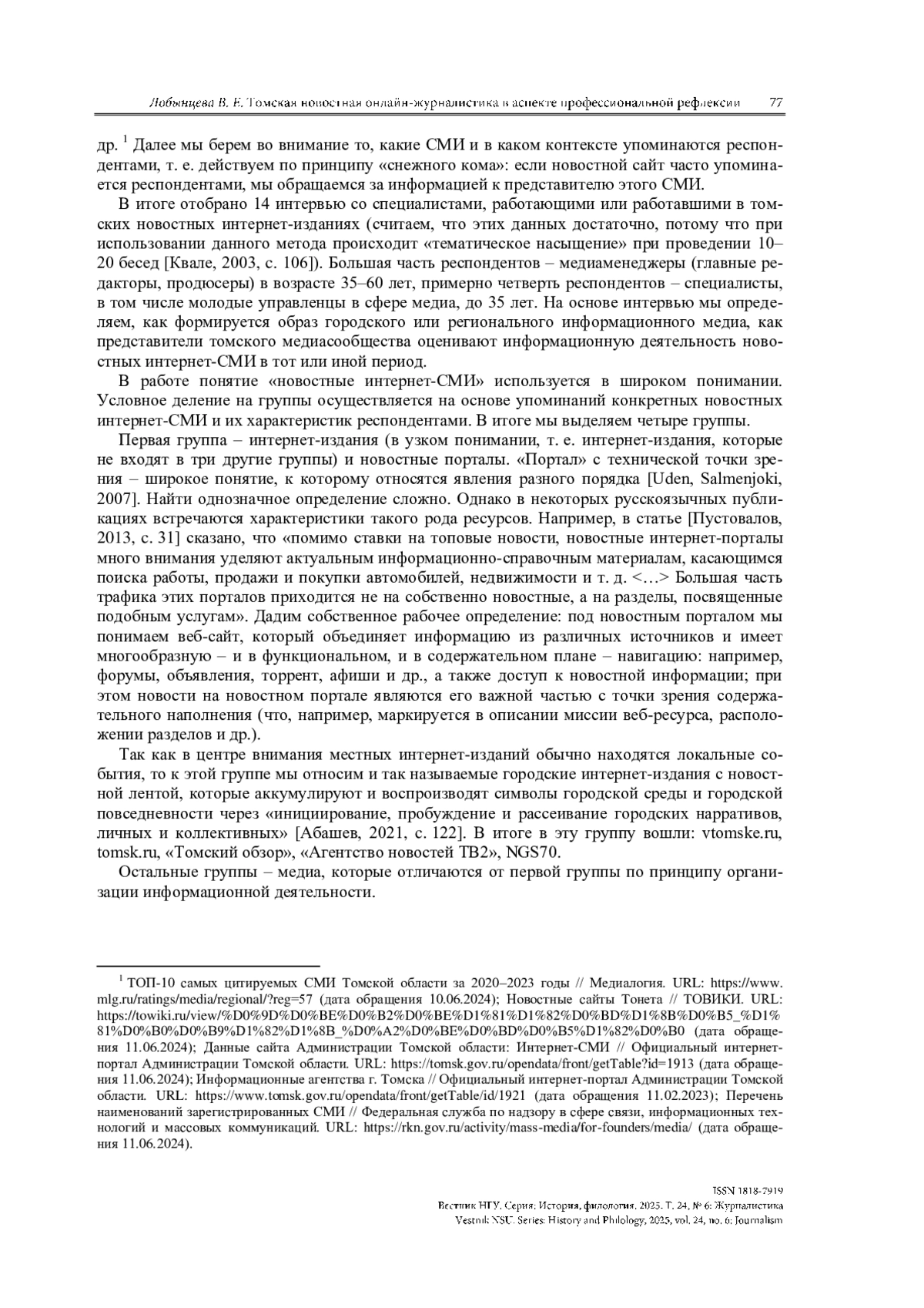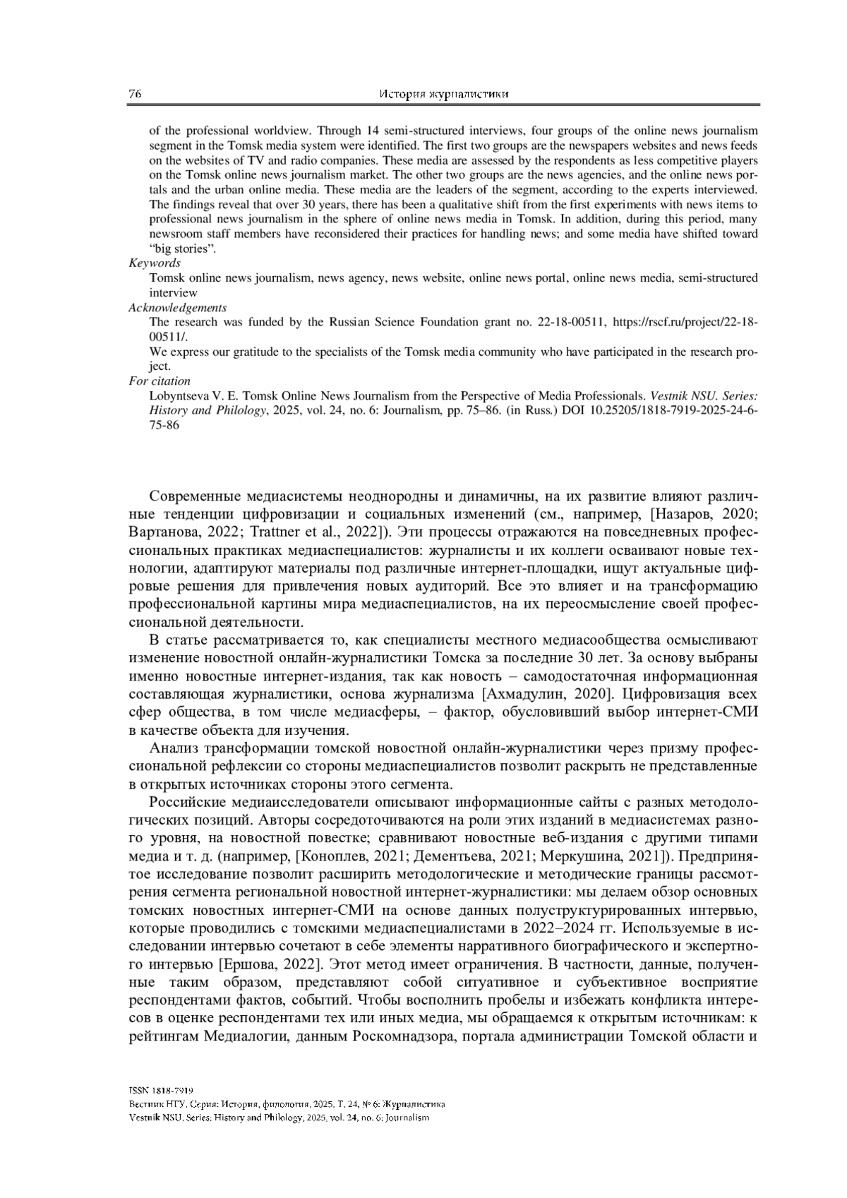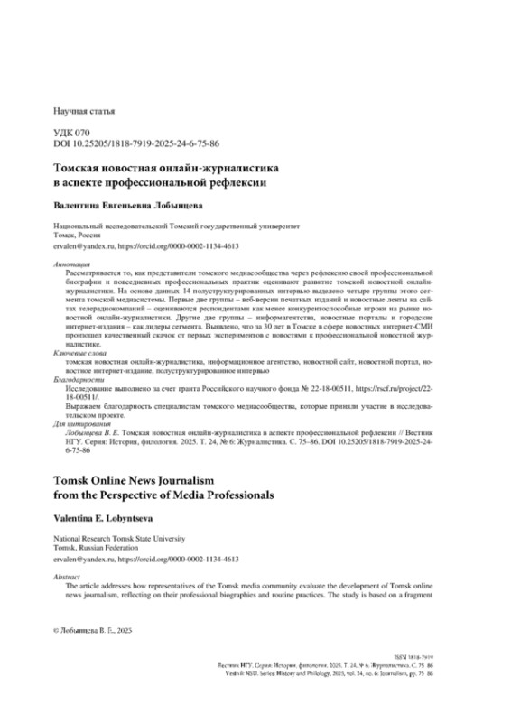 ЛОБЫНЦЕВА В. Е. ТОМСКАЯ НОВОСТНАЯ ОНЛАЙН-ЖУРНАЛИСТИКА В АСПЕКТЕ ПРОФЕССИОНАЛЬНОЙ РЕФЛЕКСИИ // ВЕСТНИК НГУ. СЕРИЯ: ИСТОРИЯ, ФИЛОЛОГИЯ. 2025. ТОМ 24, № 6
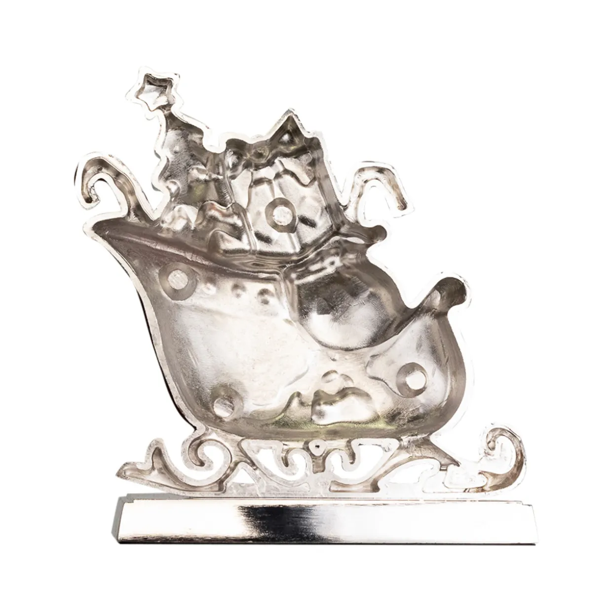 - Present filled sleigh design in green and red hues
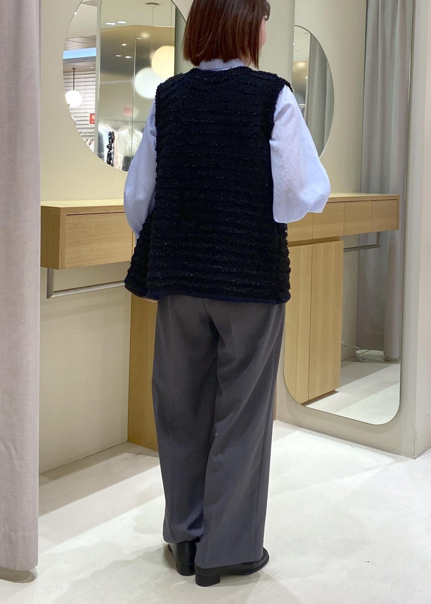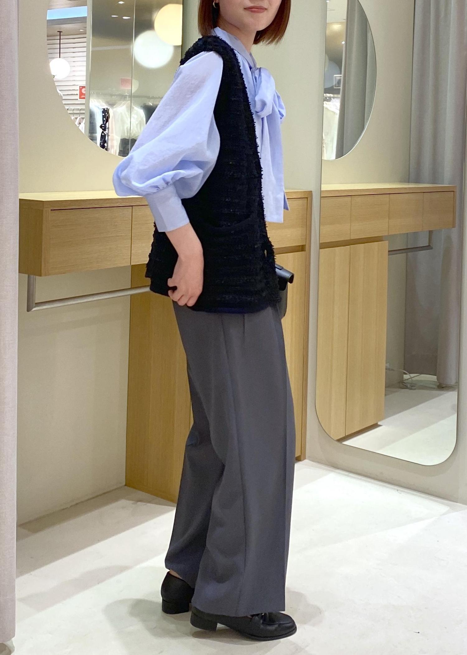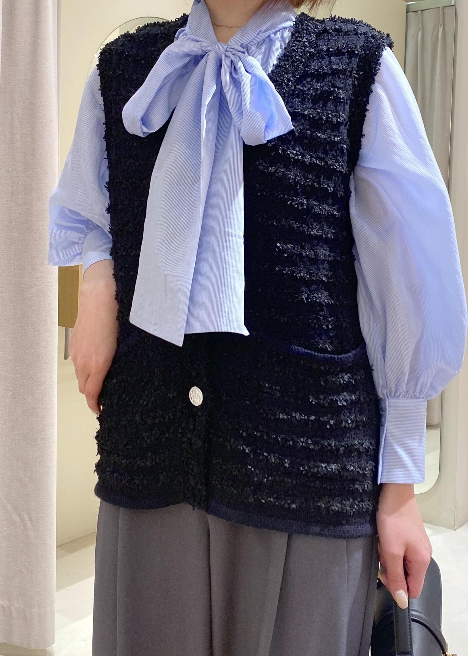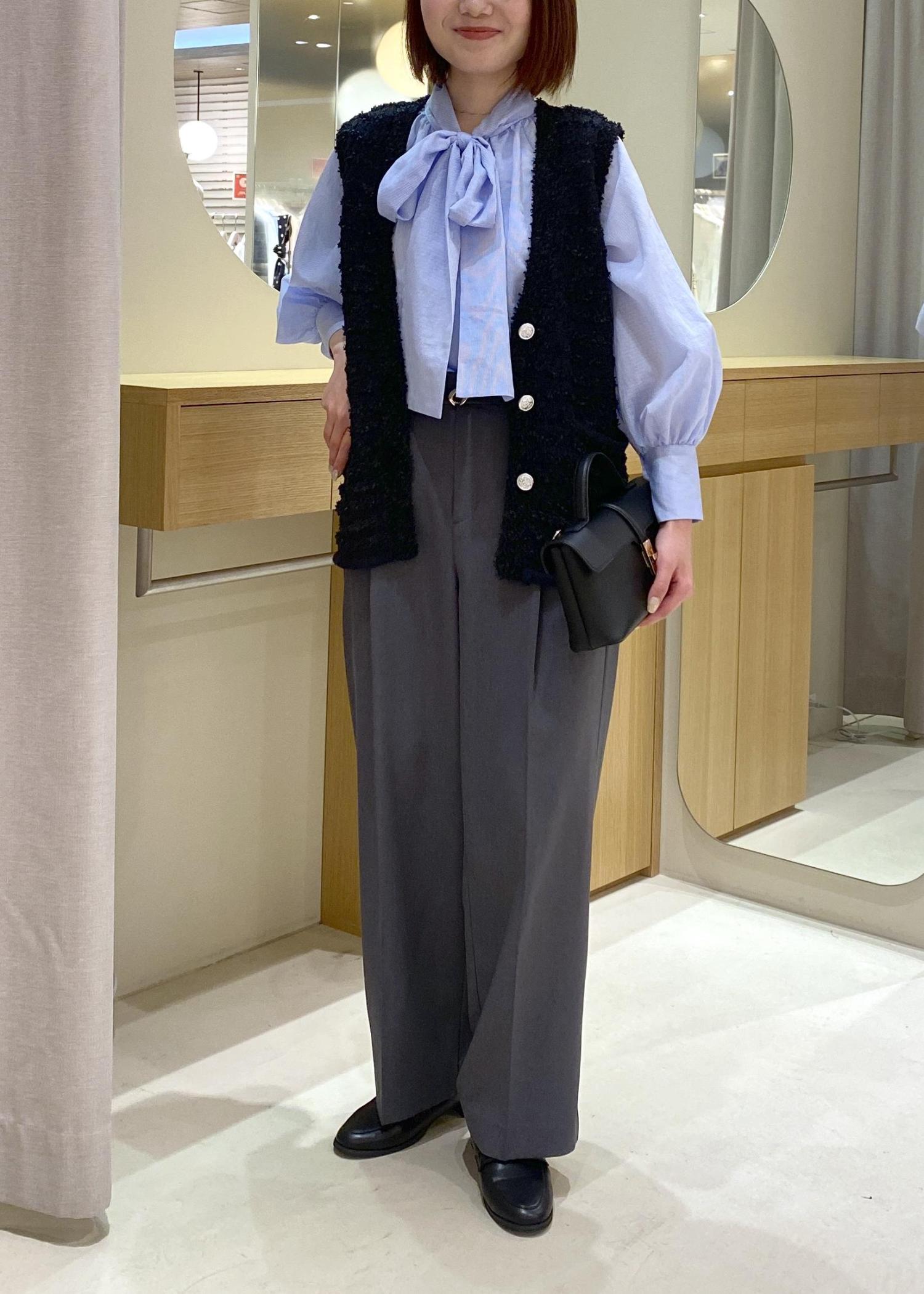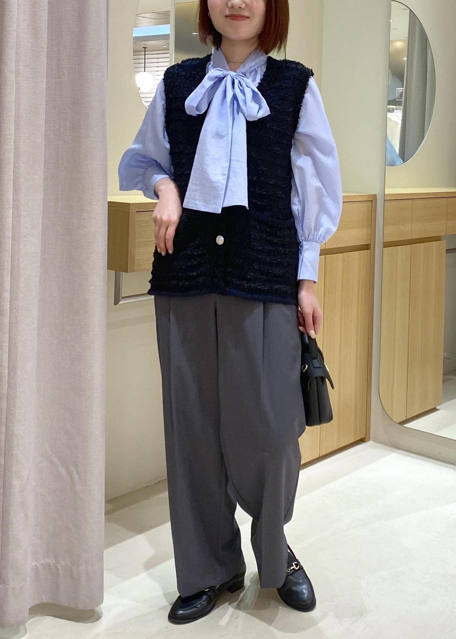 ニットベストにボウタイ付きブラウスを合わせた、お仕事時やセレモニーシーンで着まわせるキレイめコーデです!
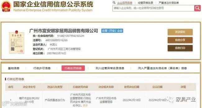近日,广州市富安娜家居用品销售有限公司因生产、销售不符合要求的产品被广州市天河区市场监管局处罚,罚没款合计10728元。
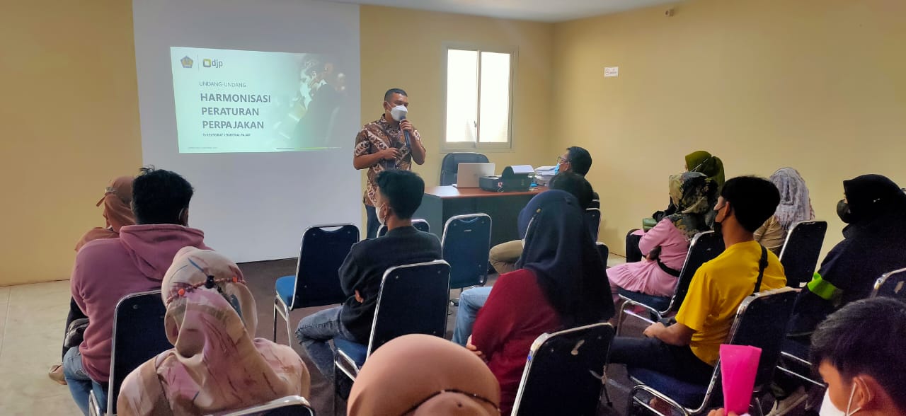 Kantor Pelayanan, Penyuluhan, dan Konsultasi Perpajakan (KP2KP) Rumbia kembali melakukan sosialisasi mengenai Undang-Undang Harmonisasi Peraturan Perpajakan (UU HPP) di ruang aula KP2KP Rumbia, Kabupaten Bombana (Jumat, 22/04).
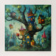Puzzle des maisons dans un grand arbre fantaisiste. © Jigsaw Wonderland sur Zazzle. Un groupe de petites maisons fantaisistes perchées sur ou suspendues aux branches et au tronc d'un grand arbre.

HOW TO COMPLETE THIS TASK:
Starting at the line that contains "- Present filled", return every line through the end of the records above exactly as written, and return no pictures.

OUTPUT FOR THIS EXERCISE:
 - Present filled sleigh design in green and red hues
 ニットベストにボウタイ付きブラウスを合わせた、お仕事時やセレモニーシーンで着まわせるキレイめコーデです!
近日,广州市富安娜家居用品销售有限公司因生产、销售不符合要求的产品被广州市天河区市场监管局处罚,罚没款合计10728元。
 Kantor Pelayanan, Penyuluhan, dan Konsultasi Perpajakan (KP2KP) Rumbia kembali melakukan sosialisasi mengenai Undang-Undang Harmonisasi Peraturan Perpajakan (UU HPP) di ruang aula KP2KP Rumbia, Kabupaten Bombana (Jumat, 22/04).
Puzzle des maisons dans un grand arbre fantaisiste. © Jigsaw Wonderland sur Zazzle. Un groupe de petites maisons fantaisistes perchées sur ou suspendues aux branches et au tronc d'un grand arbre.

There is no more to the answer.